» Directions for this task
Please copy, exactly as written, the span from the first line below to the line that contains "Vtg Bechamel Glass", including both, and skip the pictures.

Task material START

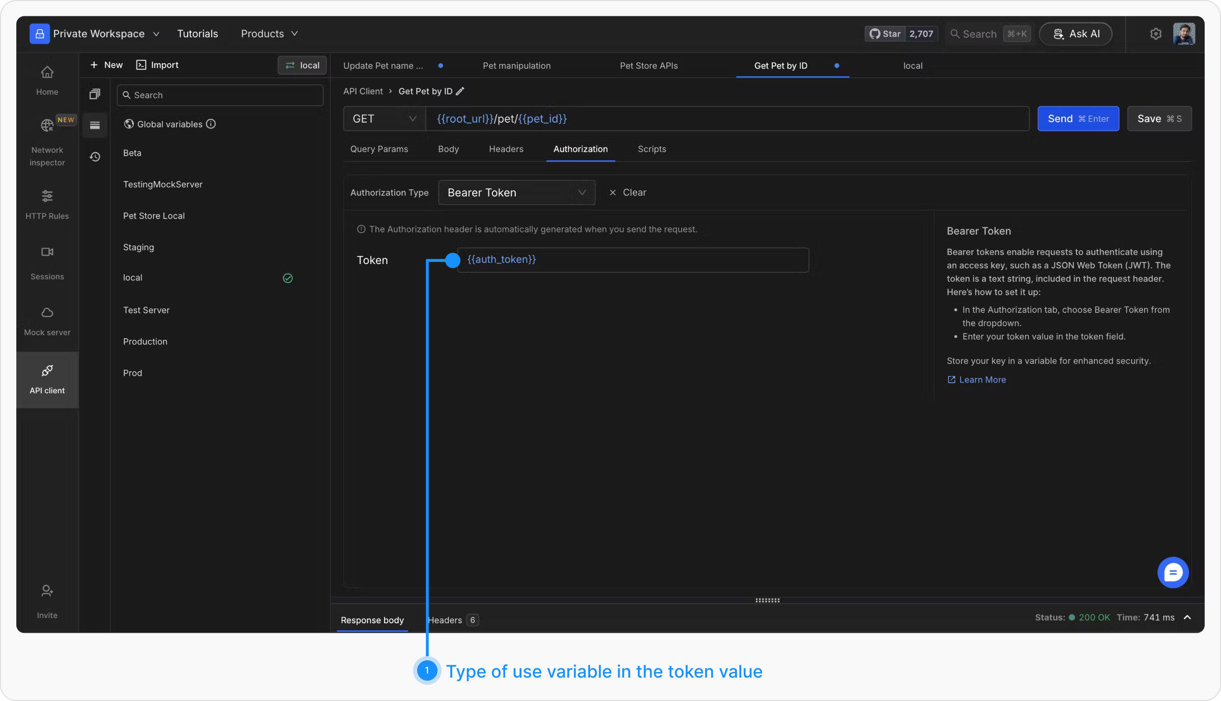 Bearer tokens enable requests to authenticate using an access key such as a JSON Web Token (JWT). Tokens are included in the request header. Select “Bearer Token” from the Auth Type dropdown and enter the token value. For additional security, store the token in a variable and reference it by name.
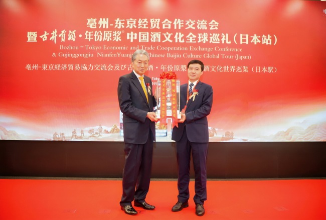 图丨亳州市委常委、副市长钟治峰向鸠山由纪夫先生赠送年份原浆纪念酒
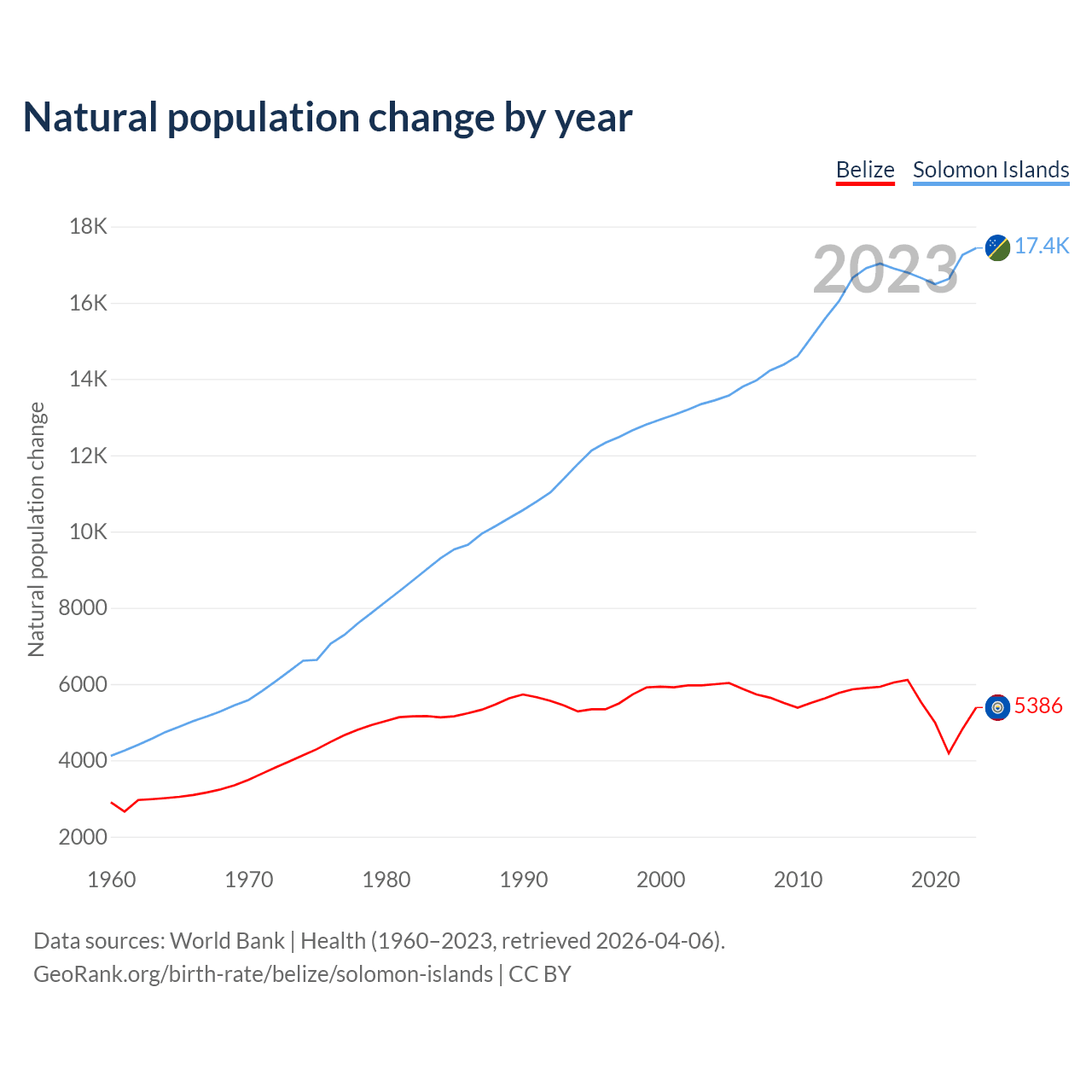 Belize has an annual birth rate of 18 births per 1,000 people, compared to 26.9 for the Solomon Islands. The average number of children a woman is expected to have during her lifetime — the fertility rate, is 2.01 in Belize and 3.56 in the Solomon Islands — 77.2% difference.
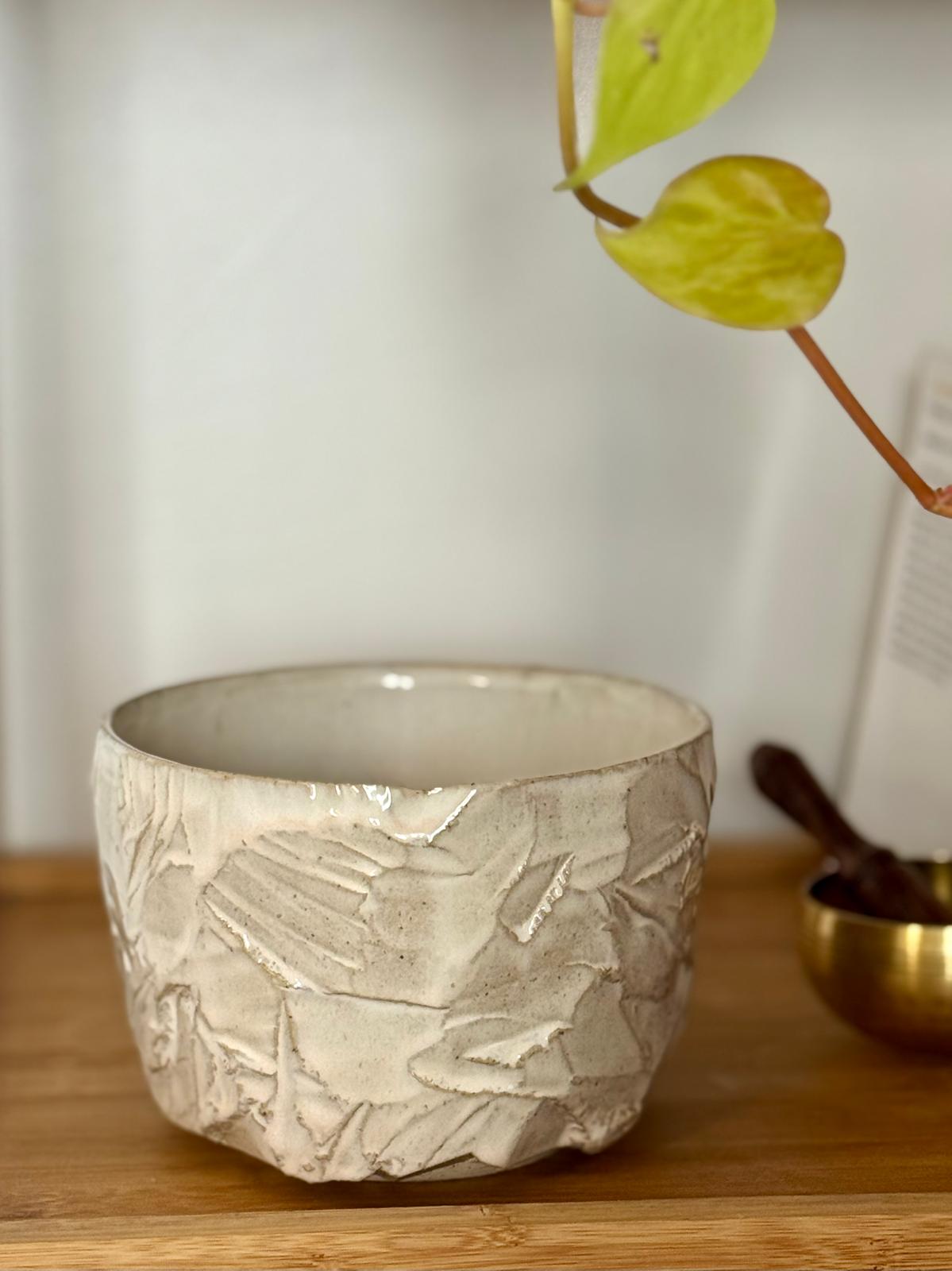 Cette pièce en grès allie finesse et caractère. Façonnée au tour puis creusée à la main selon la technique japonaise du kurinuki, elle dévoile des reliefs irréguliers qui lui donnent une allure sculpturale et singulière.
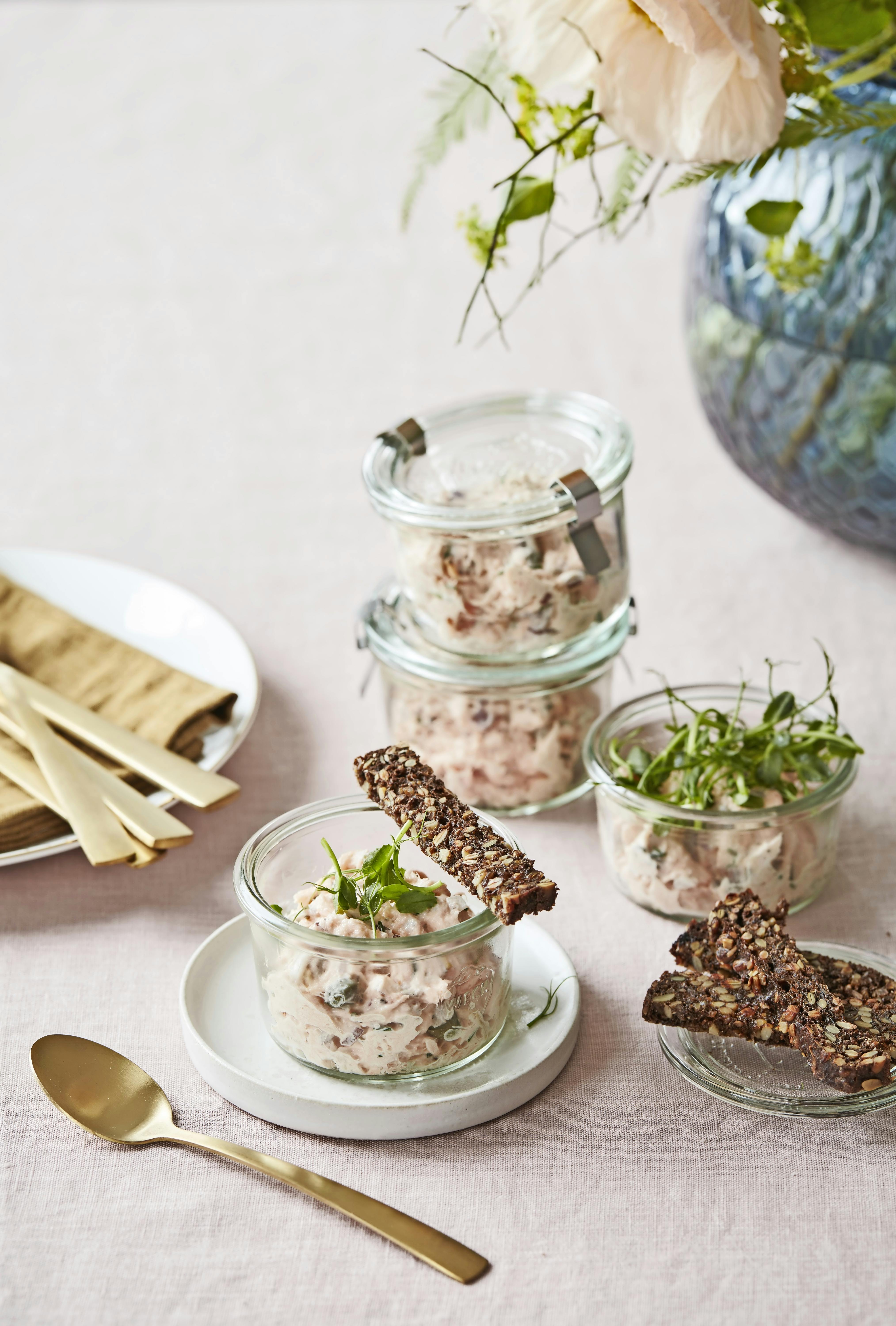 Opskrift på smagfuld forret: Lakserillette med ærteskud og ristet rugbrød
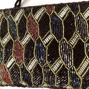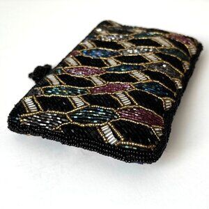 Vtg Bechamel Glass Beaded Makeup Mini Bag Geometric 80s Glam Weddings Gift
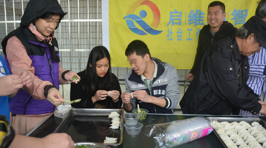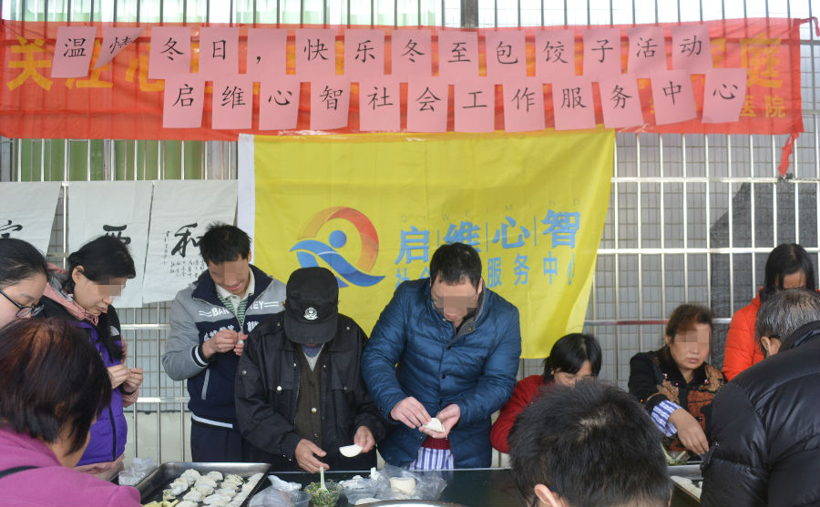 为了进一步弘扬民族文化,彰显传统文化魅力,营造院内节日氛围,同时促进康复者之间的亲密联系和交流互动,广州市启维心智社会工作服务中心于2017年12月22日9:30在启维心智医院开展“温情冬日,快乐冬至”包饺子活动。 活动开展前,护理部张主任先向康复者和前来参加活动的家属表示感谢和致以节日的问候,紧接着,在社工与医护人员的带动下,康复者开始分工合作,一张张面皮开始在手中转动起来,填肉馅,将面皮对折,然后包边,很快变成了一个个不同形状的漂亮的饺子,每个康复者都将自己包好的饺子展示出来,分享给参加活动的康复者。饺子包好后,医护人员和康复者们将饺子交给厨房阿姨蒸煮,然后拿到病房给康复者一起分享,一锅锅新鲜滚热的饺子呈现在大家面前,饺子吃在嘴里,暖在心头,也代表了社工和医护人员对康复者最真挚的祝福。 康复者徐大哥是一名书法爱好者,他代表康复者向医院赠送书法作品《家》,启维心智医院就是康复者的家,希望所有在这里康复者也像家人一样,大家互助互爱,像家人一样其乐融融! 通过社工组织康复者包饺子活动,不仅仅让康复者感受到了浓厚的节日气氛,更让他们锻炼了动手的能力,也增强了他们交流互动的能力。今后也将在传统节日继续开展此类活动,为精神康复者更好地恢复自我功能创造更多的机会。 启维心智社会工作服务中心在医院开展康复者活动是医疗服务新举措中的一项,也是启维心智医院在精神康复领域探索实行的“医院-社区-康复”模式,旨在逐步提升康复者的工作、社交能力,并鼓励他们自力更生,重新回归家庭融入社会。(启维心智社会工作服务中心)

Task material END

» Result
 Bearer tokens enable requests to authenticate using an access key such as a JSON Web Token (JWT). Tokens are included in the request header. Select “Bearer Token” from the Auth Type dropdown and enter the token value. For additional security, store the token in a variable and reference it by name.
 图丨亳州市委常委、副市长钟治峰向鸠山由纪夫先生赠送年份原浆纪念酒
 Belize has an annual birth rate of 18 births per 1,000 people, compared to 26.9 for the Solomon Islands. The average number of children a woman is expected to have during her lifetime — the fertility rate, is 2.01 in Belize and 3.56 in the Solomon Islands — 77.2% difference.
 Cette pièce en grès allie finesse et caractère. Façonnée au tour puis creusée à la main selon la technique japonaise du kurinuki, elle dévoile des reliefs irréguliers qui lui donnent une allure sculpturale et singulière.
 Opskrift på smagfuld forret: Lakserillette med ærteskud og ristet rugbrød
 Vtg Bechamel Glass Beaded Makeup Mini Bag Geometric 80s Glam Weddings Gift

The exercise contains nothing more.